高いフェンスやコンクリートの壁にへだてられ、更に浮草の立っている歩道との間には中学の敷地が数メートルある。だが、物理的な距離は意味を成さない。
「最近、ひどいことされたけど、だいじょうぶ?」
ーーークサイ
ーーー汚い
ーーーなんなん、腹立つ
ーーー中学生になったら、遊ぼうね
プールに住むものたちもお怒りのようだ。
ーーーだから、ありがとうね
ーーーいい気味
ーーースカッとした
ーーー中学生になったら、遊ぼうね
精霊牛の件も知っているらしい。まあ、すぐそこで起きたことだし、この界隈の噂話は凄い速さで伝わる。そりゃあ知ってるだろう。
「なんか知らない? アイツのこと」
ーーーアイツのことは知らない
ーーーでも、アイツの娘なら知ってる
ーーー知ってる知ってる
ーーー中学生になったら、遊ぼうね
「えっ?! 娘?! 知らなくなくない? それは知ってるってことだよ?!」
ーーーそう? じゃあ知ってる
ーーーアイツの娘、泳ぐの速い
ーーー人間だと一番。でも、薔薇の次
ーーー中学生になったら、遊ぼうね
「娘、中三なんだ」
ーーーだからアイツの娘、薔薇のことキライ
ーーー薔薇に勝とうとするとか、ばか
ーーーばかだから、練習もキライになった。練習キライだから、プール汚した
ーーー中学生になったら、遊ぼうね
「ありがとう。いろいろ分かった。速くプールきれいになるといいね」
ーーーオトナ、がんばってる
ーーー可哀想だから、転んだりしないか見てあげてる
ーーーばいばい、浮草
ーーー中学生になったら、遊ぼうね
「遊びのルールをおれが決めて良いなら遊ぶよ。

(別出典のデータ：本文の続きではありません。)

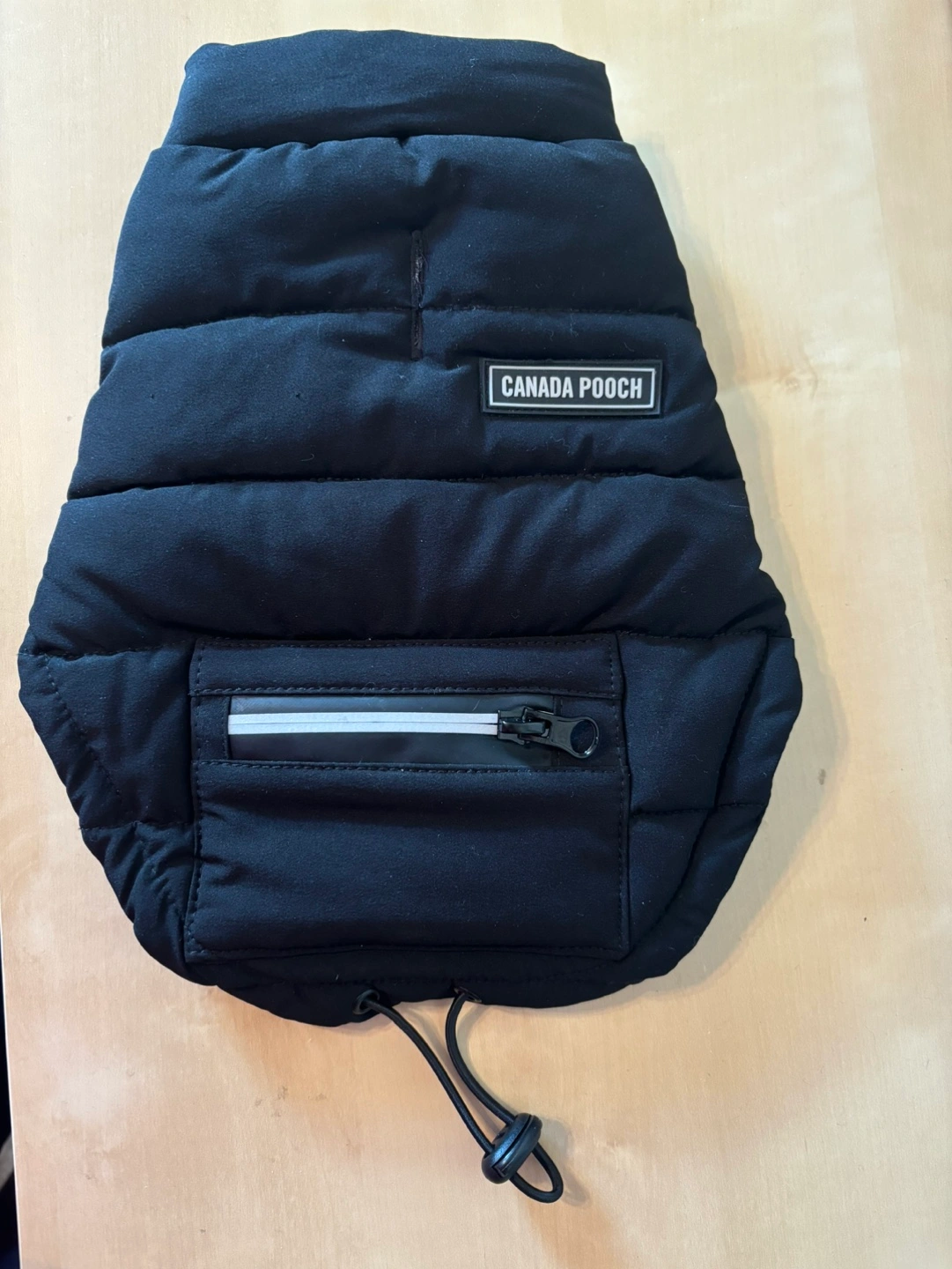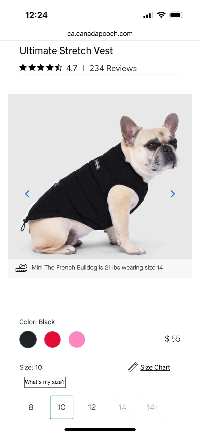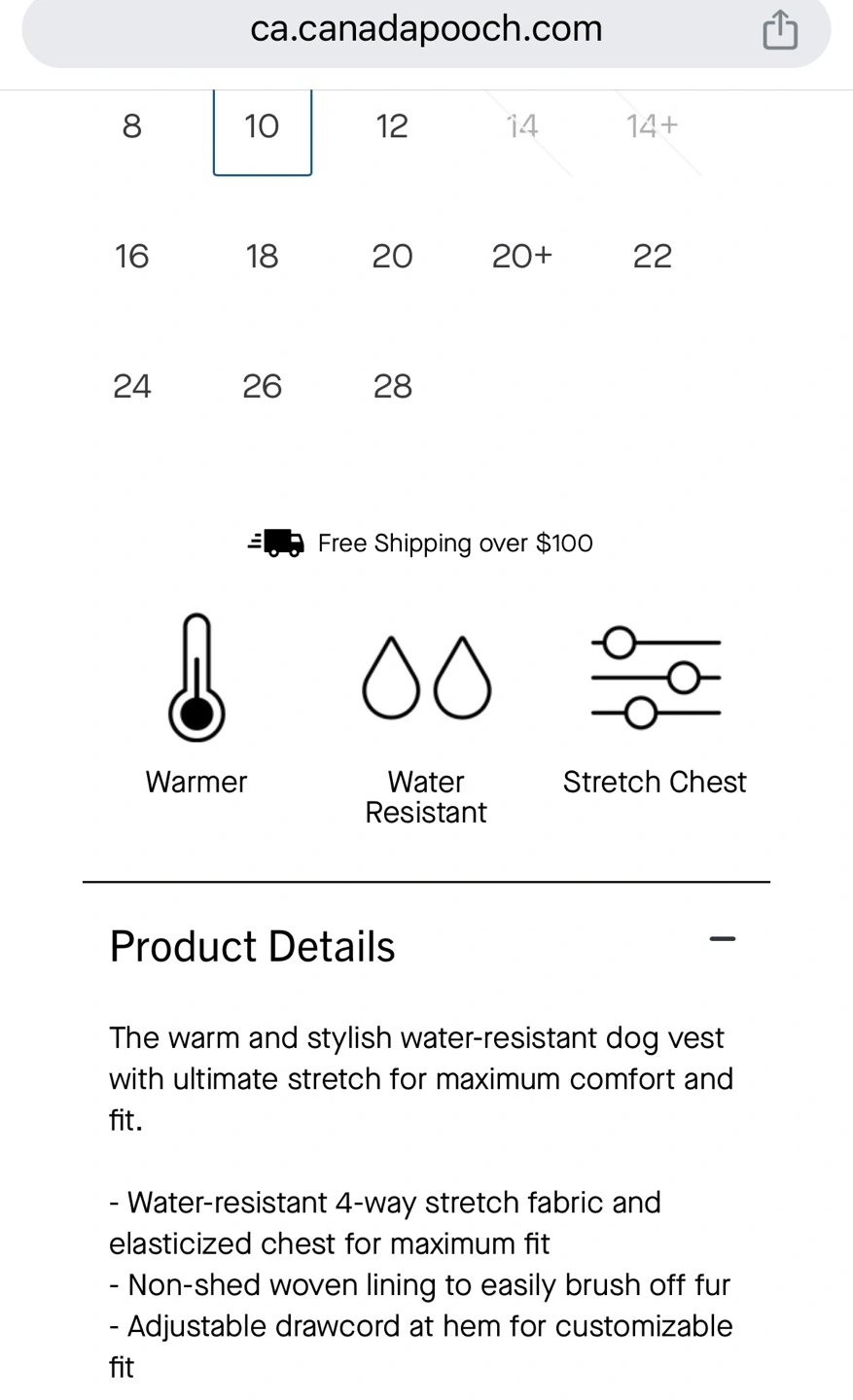 Size 10. (See sizing chart in photos!) Black Canada Pooch Winter Coat. So warm!! Sadly it’s too small for my dog. Unable to return. Size 10. Ultimate Stretch Vest. Small zippered pocket. Adjustable drawstring at bottom. Spot for harness/leash access. Machine washable. Porch pick up

じゃあね」
ーーーふふふ。まってるね
会話に参加していなかった気配も、すーっと夜の闇に溶けていく。
水死者の霊がプールの水を腐らせたのは、薔薇に意識させるためでも攻撃でもなく、自分のーー娘のため。
プールが使えなければ、水泳クラブは練習できない。いや、しなくていいから。
「あっ、やべ、もう帰らなきゃ」
浮草は慌てて、つづら折りの坂道を駆け下りていった。